True grit. So far it hasn't been needed to spread over the roads and pavements in these parts.
I like cats, even love them, but sometimes cat- love can seem to go too far. This is the last paragraph (names, cat, human and geographical have been changed to avoid possible embarrassment) of one of those round-robins full of news, good and bad, which sometimes accompanies Christmas cards. It strikes me as being rather well written:
"Our seven cats became 8 in May, when we adopted Marianne, a poor stray who turned out to have bone cancer. The vet amputated the affected back leg and gave her six months to live, but she seems to be doing well and is very happy. George, one of our long standing cats, was diagnosed with pancreatitis in April and underwent extensive tests. Although he was also given a grim prognosis, we put him on a special diet immediately, removed everything possibly in the garden and he is still going strong. I always take any ill cat to our wonderful homoeopathic and conventional vet outside Cambridge for a second opinion, Even Joan has benefited from his expertise, and, like the cats, takes her pills every evening too."

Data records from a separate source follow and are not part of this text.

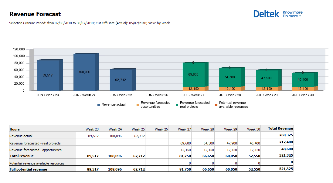 - Project Forecast (Multiple Projects): Shows actual hours divided by week or month to compare with planned hours. This shows you the total number of planned hours for a range of projects.
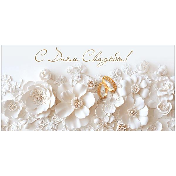 Конверт для денег Праздник 425 Свадьба- С Днем Свадьбы! Цветочный барельеф, кольца, 168*84мм, радужные блестки в лаке, текст
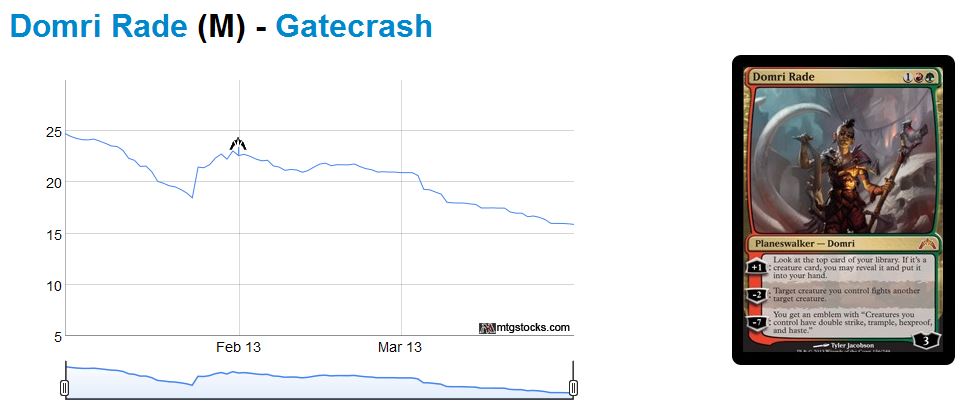 Last night was particularly tricky for me. A few of the cards I was unloading I was admittedly selling at a small loss. This includes Domri Rade (chart from mtgstocks.com), which I will boldly claim is not done dropping in the short term.
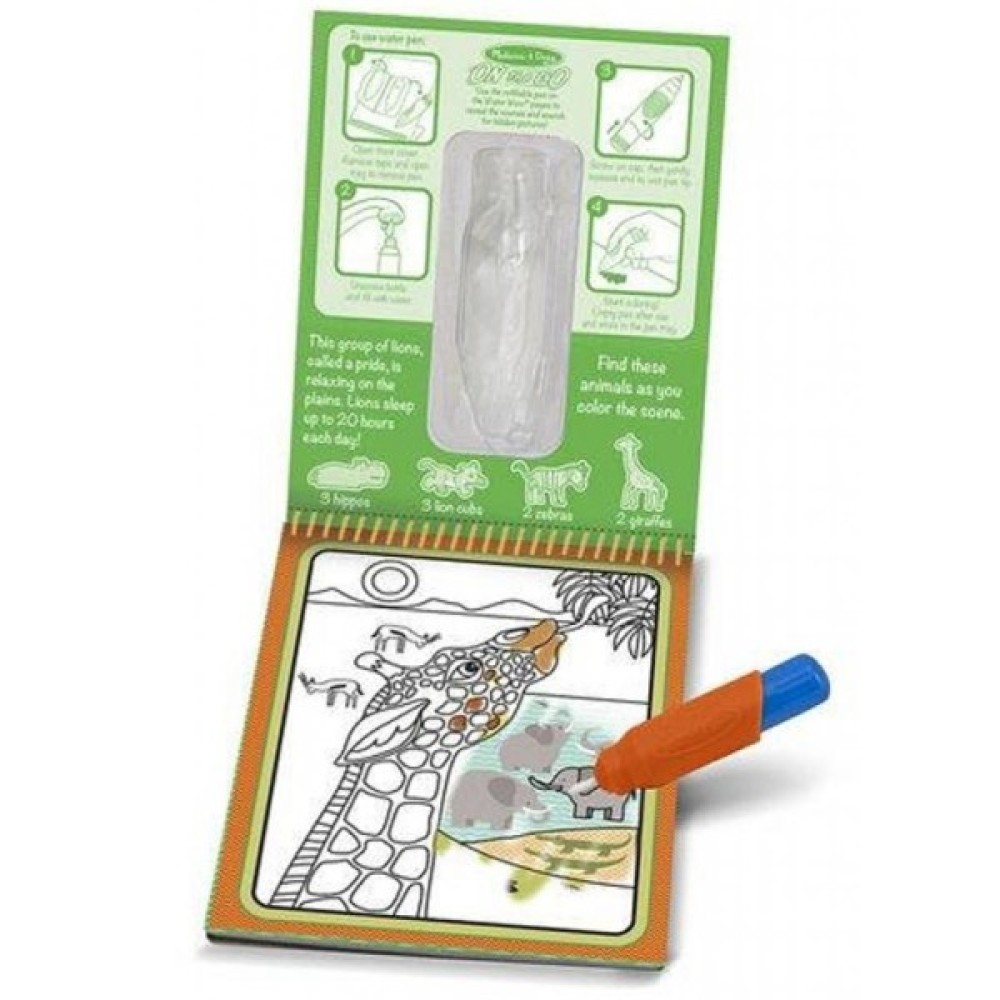 Ця захоплююча чарівна розмальовка унікальна, за допомогою маркера-пензлика, який потрібно наповнити водою, необхідно провести по зображенню на картинці можна відразу побачити, як проявляються тварини: слони, зебри, леви і багато інших. Через невеликий проміжок часу зображення висихають і зникають, і знову можна розфарбовувати.

I am not sure that the nearest and dearest who are staying with us this Christmas like mince pies very much. But I have nevertheless made a dozen and half and dusted them with icing sugar, because it is something I like doing. If they are not eaten at home they will make nice presents for neighbours.
3 comments:
Oh my, that sounds like one annual Christmas letter from certain friends, just add dogs! I'd love one of your mincemeat pies, please!
And thanks so very much for your lovely card which arrived a few days ago. Happy Christmas with your family.

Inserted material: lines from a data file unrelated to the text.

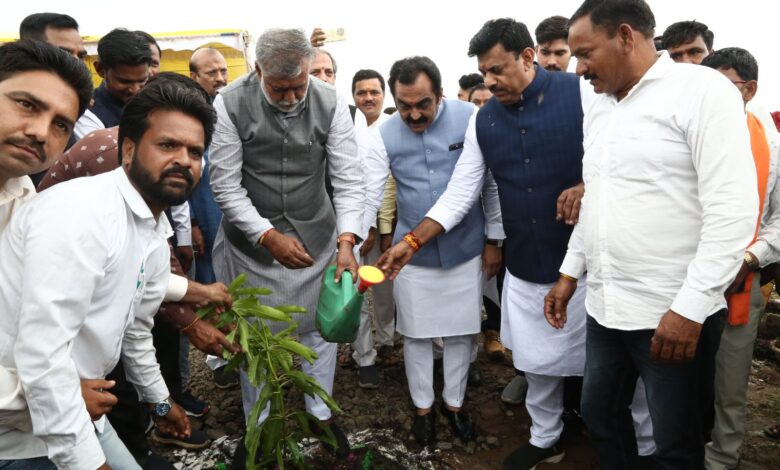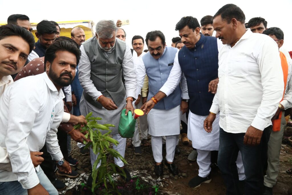 भोपाल: 06 जुलाई 2024 लोक निर्माण विभाग मंत्री श्री राकेश सिंह एवं पंचायत एवं ग्रामीण विकास मंत्री प्रहलाद सिंह पटेल ने आज 'एक पेड़ माँ के नाम' अभियान के तहत आदमपुर छावनी में वृहद् वृक्षारोपण कार्यक्रम में पौधारोपण किया।
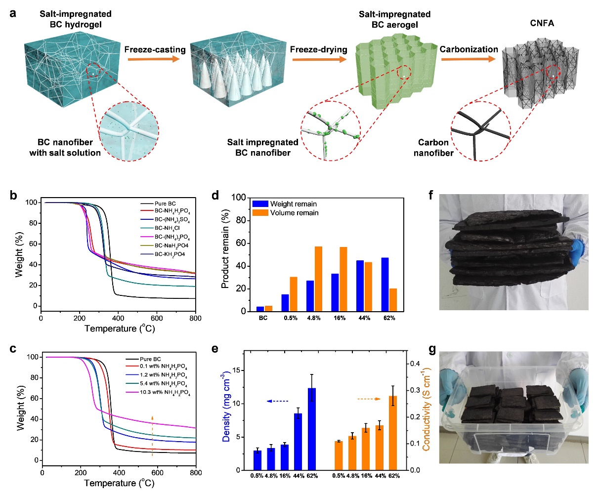 ????????图1、宏观尺寸CNFAs的合成。(a)CNFAs制造工艺示意图;(b)纯BC和BC浸渍NH4H2PO4、(NH4)2SO4、NH4Cl、(NH4)3PO4、NaH2PO4或KH2PO4的TG曲线;(c)纯BC和BC浸渍不同浓度NH4H2PO4后的TG曲线;(d)以纯BC和BC为原料,在800°C下加入不同量的NH4H2PO4炭化制备CNFAs(NH4H2PO4的重量比分别为0.5、4.8、16、44和62 wt%);(e)1200 ℃下制备的CNFAs的密度和导电性;(f ~g)在800℃下制备的CNFAs照片,展示了其可以大规模制备。
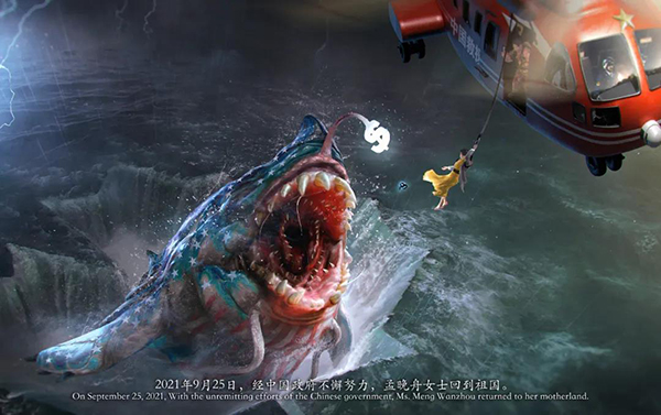 《归舟》生动地描绘了孟晚舟的“脱险”过程:挣脱的电子脚镣、伸出援手的中国救援直升机、张着大嘴的星条旗恶鲨……图片下方配有小字“经中国政府不懈努力,孟晚舟女士回到祖国”,表达对孟晚舟归国的热烈欢迎。
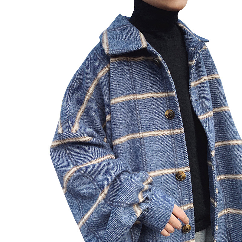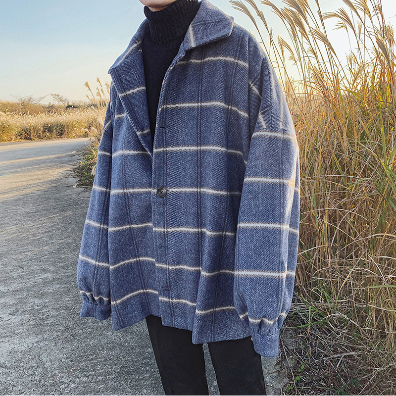 Winter Coat Men's Korean Styley Hong Kong Style Mid-length Plaid Windbreaker Autumn And Winter Men's Woolen Coat

My eyes caught "Cats Pies".
What's this? I thought..... then enjoyed the read, as usual.
I love cats as well, have 2 who run this place. But neither would make good pie, as either creator or ingredient. =^..^=
I have been going through my link list scattering secular (but heartfelt) greetings in the way we unbelievers do. Because you are the founder member of the list you are at the bottom of an ascending sequence and therefore the last to be reached. I wouldn't wish you to infer anything malign from this. I was going to say that low numbers carry more gravitas but that isn't strictly true. Some positions are merely accidents due to the passage of time. Better to think of the list as a sort of periodic table with each element carrying its own specific gravity, density and atomic structure. But even that isn't right. In the real periodic table hydrogen (atomic number 1) is I think more important than nobelium (atomic number 102) so this raggedy conceit immediately falls on its face. Nobelium, by the way, is an actinoid. I didn't know that.
In fact I didn't embark on this comment merely to greet but to thank. Again I am indebted for the technical help on writing you have given me throughout the year but, perhaps even more important, for the intelligent optimism you create. The qualifier is important because anyone can do optimism, and for most it is the default state. But there is an understanding between us, almost a specialised conduit of information that is not limited to judgments, and I profit from this enormously.
You mentioned the fact that the pub has become as important as the Retreat. More so, in fact. The fact is eating does get in the way of conversation whereas drinking doesn't. On the other hand the eating is essential since it feather-beds my stomach prior to the drink and ensures I arrive back at Hereford able to speak coherently to the taxi-driver.
Anyway thanks for the handholding and my (our) best wishes to Heidi. Since getting to Hereford would seem to be a burden perhaps we could return to TW under the strict understanding that we are able to take you both out to dinner.I have a good deal more to say (none of it pleasant) about the Hart-Davis/Lyttleton letters.